The headmaster of Eton, and the author of the pamphlet...

Onlooker

The headmaster of Eton, and the author of the pamphlet to which Canon Lyttelton's endorsement in the preface alone lends any significance, have been guilty of an indiscretion. They have set out to attack Christian Science. Only success could have condoned an attack so completely gratuitous and so amazingly inept. The only success they have achieved is a succès de rire. The fact is that both of them would have been well advised to refrain from the adventure; the pamphleteer because he knows nothing at all of the subject upon which he has undertaken to enlighten all and sundry, and Mr. Lyttelton because it surely is no part of the duty of the headmaster of Eton to pant, in the character of Ralpho, at the heels of a Hudibras who is himself a practitioner of some form of mental therapeutics.

After screwing his courage to the sticking-point of throwing in his lot with the big battalions, the pamphleteer expresses his willingness to bear all the blows which his intrepidity may bring about his devoted ears. If he had been leading a forlorn hope against the bulwarks of orthodoxy he could not have "spoken fairer." Seeing, however, that he has carefully ensconced himself behind their shelter, in order to heave the largest missiles of convenient rhetoric he can find on the heads of the diminutive band of Christian Scientists below, who were not even attempting to attack him, his attitude shows a refreshing lack of humor. Nor is the headmaster of Eton to be outdone in this respect. He talks benignly of the effects of Christian Science on "semieducated people," forgetting, in the stress of his emotions, how many of these people received their education at Eton. As a matter of fact, I can assure him that Christian Scientists have been educated on very much the same lines as their neighbors, and that some of them are even quite intelligent—too intelligent, in fact, to have noticed the pamphlet in question had he not lent his name to it.

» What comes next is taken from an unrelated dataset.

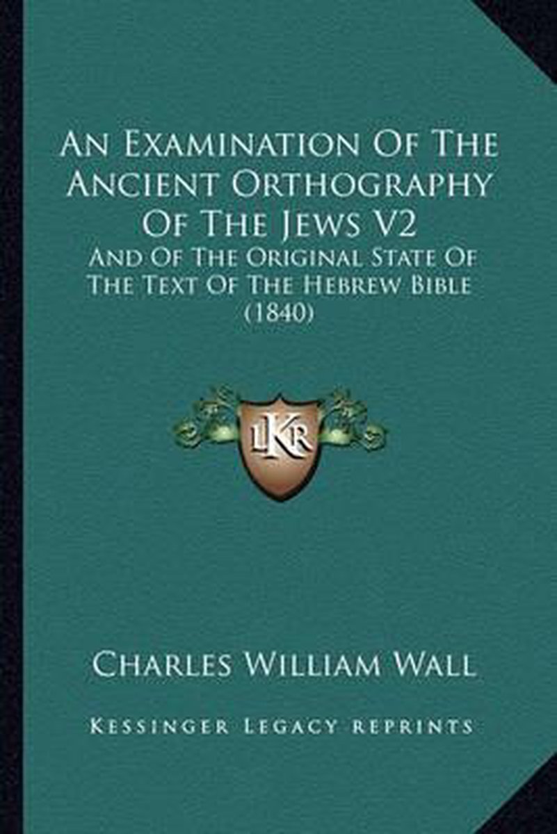 De meest gevonden boeken zijn An Examination Of The Ancient Orthography Of The Jews, And Of The Original State Of The Text Of The, Proofs Of The Interpolation Of The Vowel-letters In The Text Of The Hebrew Bible, Proofs Of The Interpolation Of The Vowel-letters In The Text Of The Hebrew Bible And Grounds Thence Derived For A Revision Of Its Authorized English Version, Volume 20; Volume 925, An Essay On The Nature, Age, And Origin Of The Sanskrit Writing And Language (1838) en An Examination Of The Ancient Orthography Of The Jews.

As I have stated that the author does not understand the subject which he has undertaken to criticize, it may be worth while to show categorically that this is the case. The alternative—that he does understand it—would leave him and his apologist in ethically a far worse case. He states, for example, that Christian Science healing varies from that practised by Jesus, inasmuch as the healing of Jesus was directed to men's souls, whereas that of Christian Science is directed to their bodies. In plain English, that the one aims at healing sin and the other at healing disease. If the pamphleteer had attempted to pervert what Christian Science teaches he could not have done it more glaringly. On page 150 of Science and Health, Mrs. Eddy writes as follows: "Now, as then, signs and wonders are wrought in the metaphysical healing of physical disease; but these signs are only to demonstrate its divine origin—to attest the reality of the higher mission of the Christ-power to take away the sins of the world."